▸ **PROBLEM DETAILS**
From the very first line of the records through the line that contains "4、 修复完成后,输入2退出修复工具,或输入1查看Boot.ini文件内容。", repeat everything exactly except the pictures, and add nothing.

▸ **MATERIAL PROVIDED**
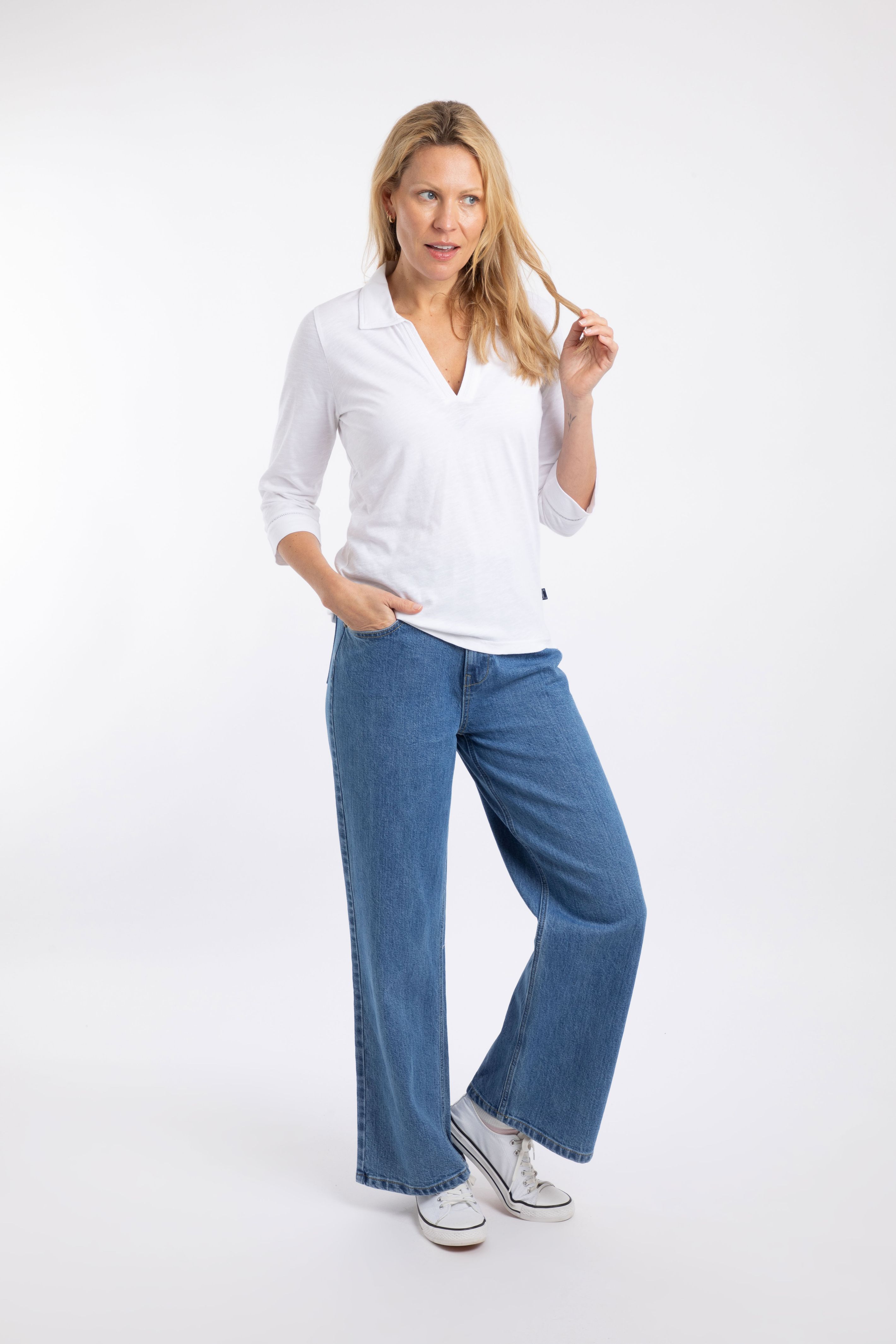 The Annare 3/4 Sleeve Jersey Trophy Neck Top is a soft and comfortable T-Shirt, with the unusual neckline, elevating this to be more than your average style, with a slub texture and a slight drop-tail back.
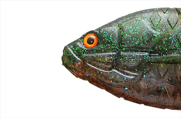 ブルーギル型ボリュームによる集魚効果と、オールマイティに使えるウェイトに注目した、ブルーギル型ワーム。カルティバ製マルチオフセット#4/0に合わせてボディを設計しました。ボディに対して垂直(横向き)にフックセットしますが、背部の空洞による浮力と、ネイルシンカーによるバランス取りによって、魚が泳ぐ姿勢やアクションを表現します。また、その空洞により、フッキングの良さも併せ持っています。ネイルリグの他、テキサスリグや、キャロライナリグなど、あらゆるメソッドに対応します。新開発のキャラメルスケール設計(PAT.P)ボディによる見た目のリアル感と、艶かしいS字アクションが特徴です。
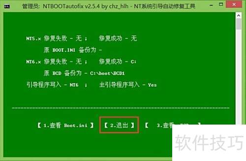 4、 修复完成后,输入2退出修复工具,或输入1查看Boot.ini文件内容。
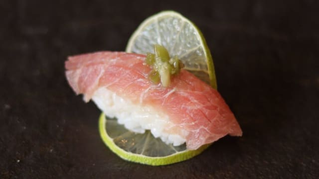 Nigiri de atún rojo braseado con mantequilla de yuzu y trufa
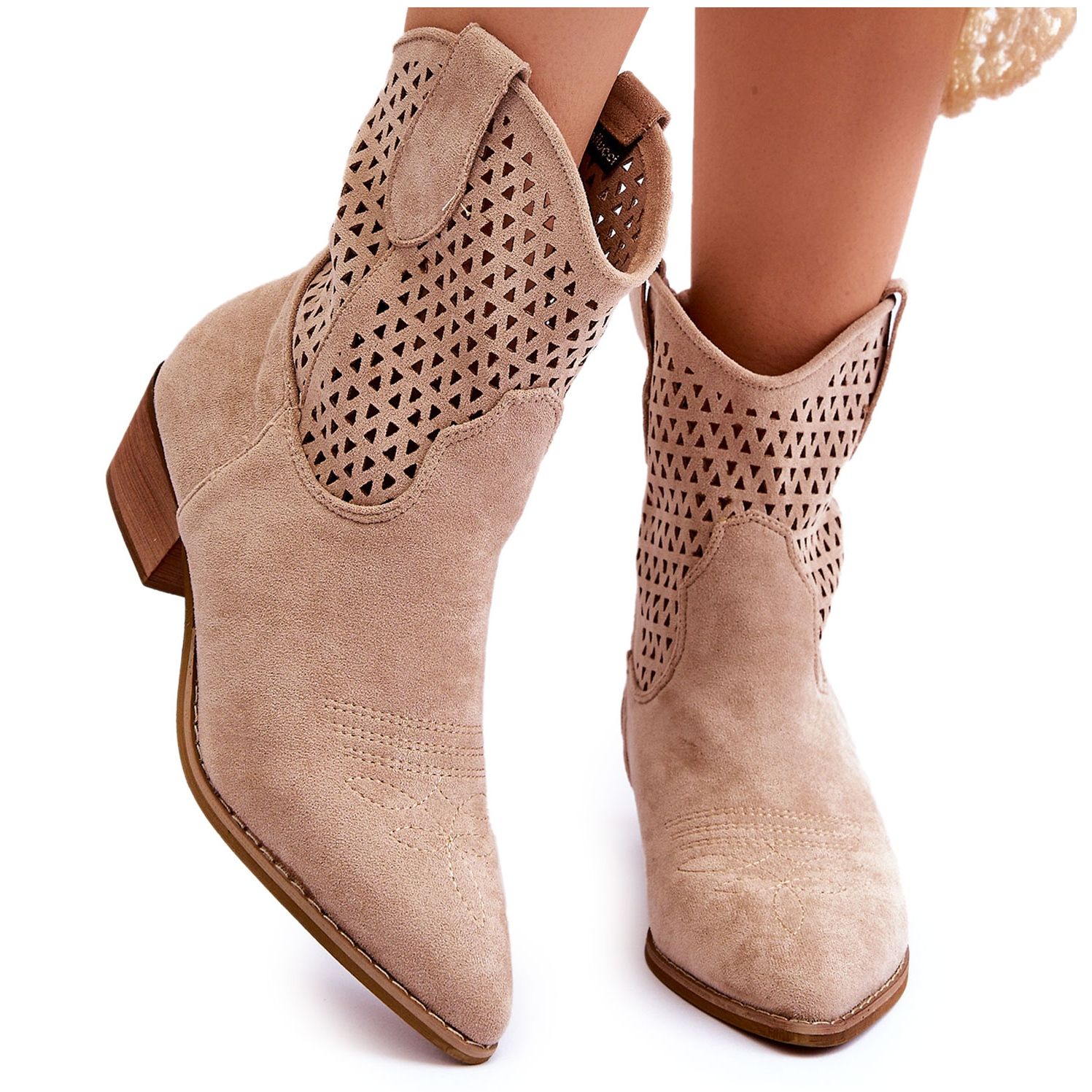 Inna marka Dámské prolamované kovbojské boty Béžové rákosové béžový
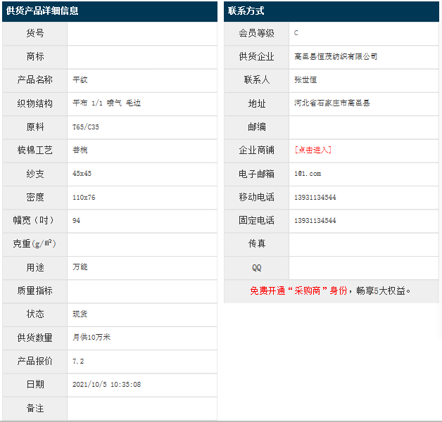 10月5日,高邑县恒茂纺织有限公司涤棉平纹T65/C35 45x45 110x76 94" 1/1 喷气 毛边,报价为7.2元/米,实际成交价以协商为准。[点击查看详情]
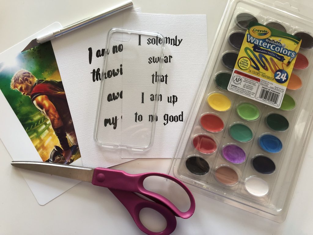 I decided to go with two different types of case, one a photo and one a watercolor quote. You will need your printed photo and quotes (approximately 3 inches by 5.5 inches if you have an iPhone 8), a clear phone case, watercolor paints, an X-acto knife, and scissors.

▸ **RESPONSE**
 The Annare 3/4 Sleeve Jersey Trophy Neck Top is a soft and comfortable T-Shirt, with the unusual neckline, elevating this to be more than your average style, with a slub texture and a slight drop-tail back.
 ブルーギル型ボリュームによる集魚効果と、オールマイティに使えるウェイトに注目した、ブルーギル型ワーム。カルティバ製マルチオフセット#4/0に合わせてボディを設計しました。ボディに対して垂直(横向き)にフックセットしますが、背部の空洞による浮力と、ネイルシンカーによるバランス取りによって、魚が泳ぐ姿勢やアクションを表現します。また、その空洞により、フッキングの良さも併せ持っています。ネイルリグの他、テキサスリグや、キャロライナリグなど、あらゆるメソッドに対応します。新開発のキャラメルスケール設計(PAT.P)ボディによる見た目のリアル感と、艶かしいS字アクションが特徴です。
 4、 修复完成后,输入2退出修复工具,或输入1查看Boot.ini文件内容。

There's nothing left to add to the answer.